Your instructions: Transcribe every line from the one containing "This is a 1:24" to the end of the listing, exactly as written, and leave out the pictures.

Working data:
================

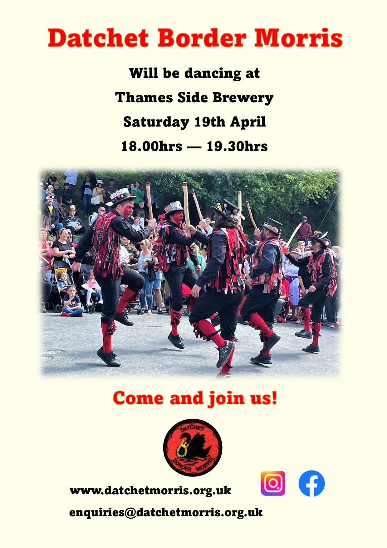 Free Entry In celebration of the start of Spring we welcome Datchet Morris who will perform a variety of traditional dances to encourage the fertility of the fruit trees and eventually the apples that give us cider.
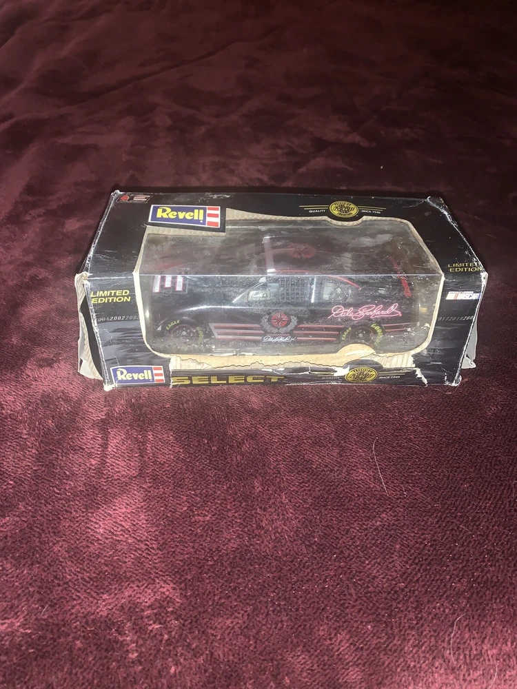 This is a 1:24 scale diecast replica of Dale Earnhardt's 2002 Chevrolet Monte Carlo featuring the logo of Dale Earnhardt Incorporated. The black vehicle, part of the Revell Select series, features authentic details like Earnhardt's signature and is a limited edition collectible piece. This NASCAR racecar model is recommended for adult collectors. This diecast is in excellent and undamaged condition, however the original box is severely water damaged.
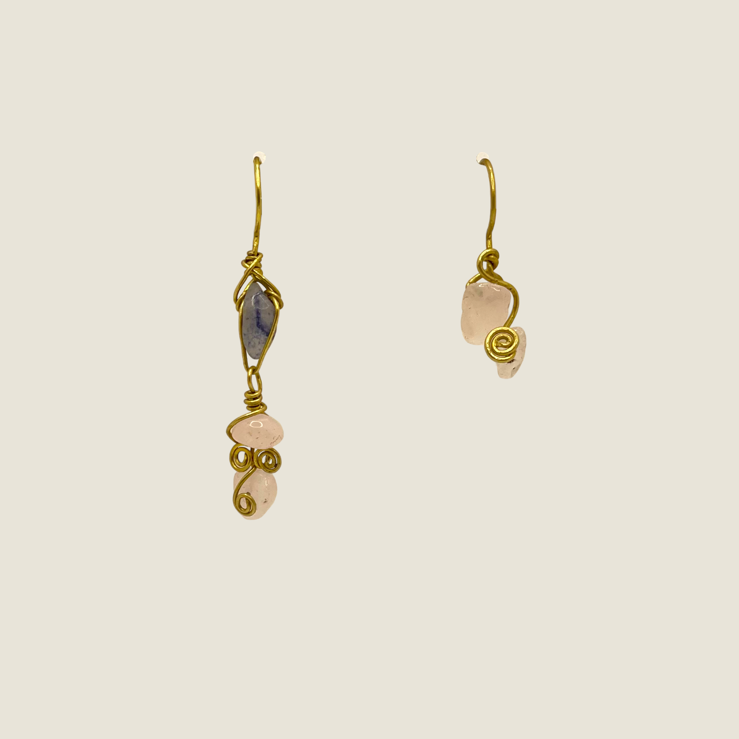 Coppia di orecchini in Quarzo rosa e Dumortierite
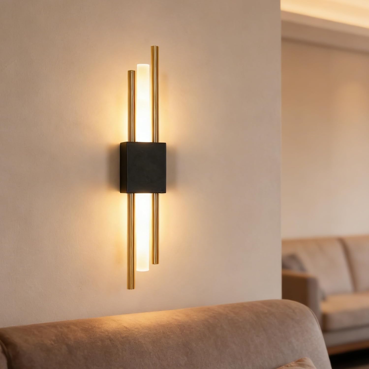 Dzięki nowoczesnemu i eleganckiemu designowi ten czarno-złoty kinkiet LED nadaje się do wielu pomieszczeń, takich jak:
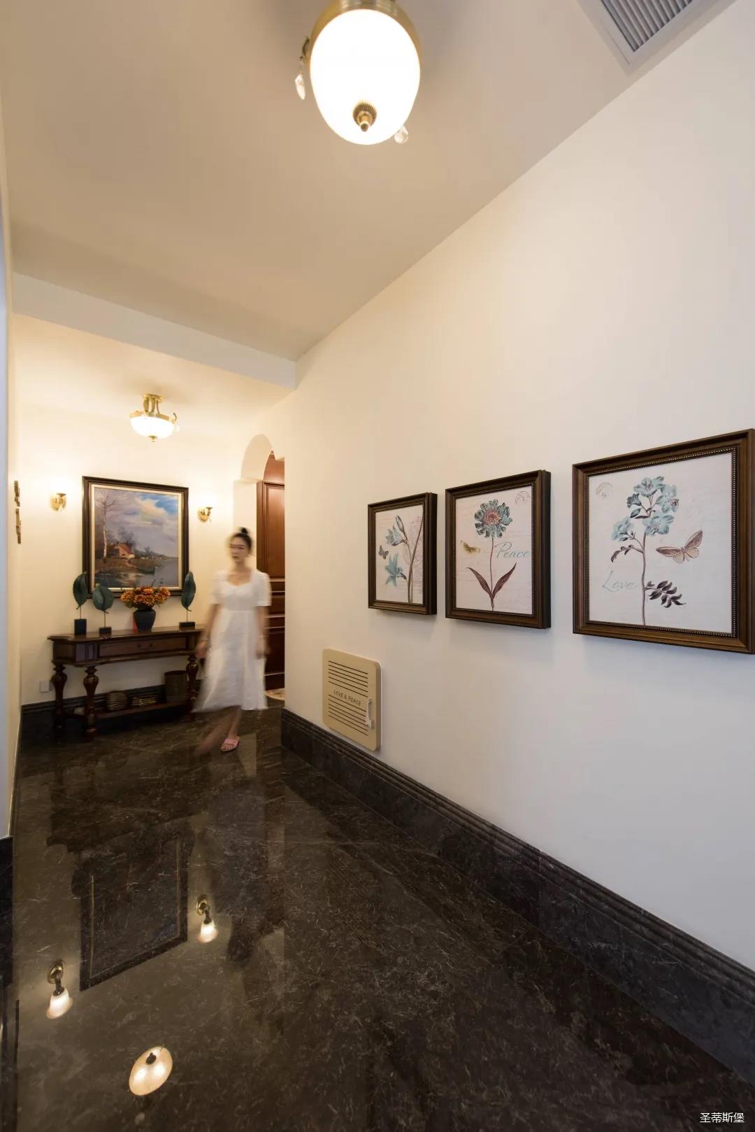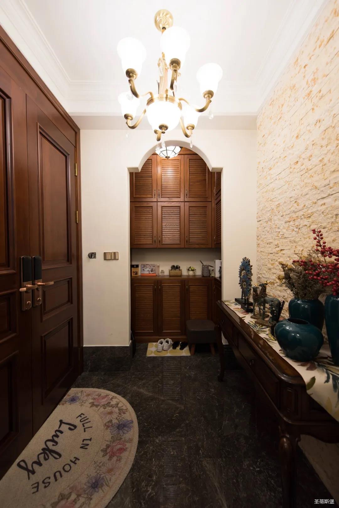 入戶玄關(guān)雙開門設(shè)計(jì),儀式感滿滿!地面定制的瓷磚貼花設(shè)計(jì),典雅又大方。核桃實(shí)木玄關(guān)桌,加上精致的擺件,經(jīng)典美式復(fù)古吊燈,不著痕跡的展現(xiàn)出居者對生活的激情,魅力吸睛,從入戶開始感受古典氛圍。

================

Response to the exercise:
 This is a 1:24 scale diecast replica of Dale Earnhardt's 2002 Chevrolet Monte Carlo featuring the logo of Dale Earnhardt Incorporated. The black vehicle, part of the Revell Select series, features authentic details like Earnhardt's signature and is a limited edition collectible piece. This NASCAR racecar model is recommended for adult collectors. This diecast is in excellent and undamaged condition, however the original box is severely water damaged.
 Coppia di orecchini in Quarzo rosa e Dumortierite
 Dzięki nowoczesnemu i eleganckiemu designowi ten czarno-złoty kinkiet LED nadaje się do wielu pomieszczeń, takich jak:
 入戶玄關(guān)雙開門設(shè)計(jì),儀式感滿滿!地面定制的瓷磚貼花設(shè)計(jì),典雅又大方。核桃實(shí)木玄關(guān)桌,加上精致的擺件,經(jīng)典美式復(fù)古吊燈,不著痕跡的展現(xiàn)出居者對生活的激情,魅力吸睛,從入戶開始感受古典氛圍。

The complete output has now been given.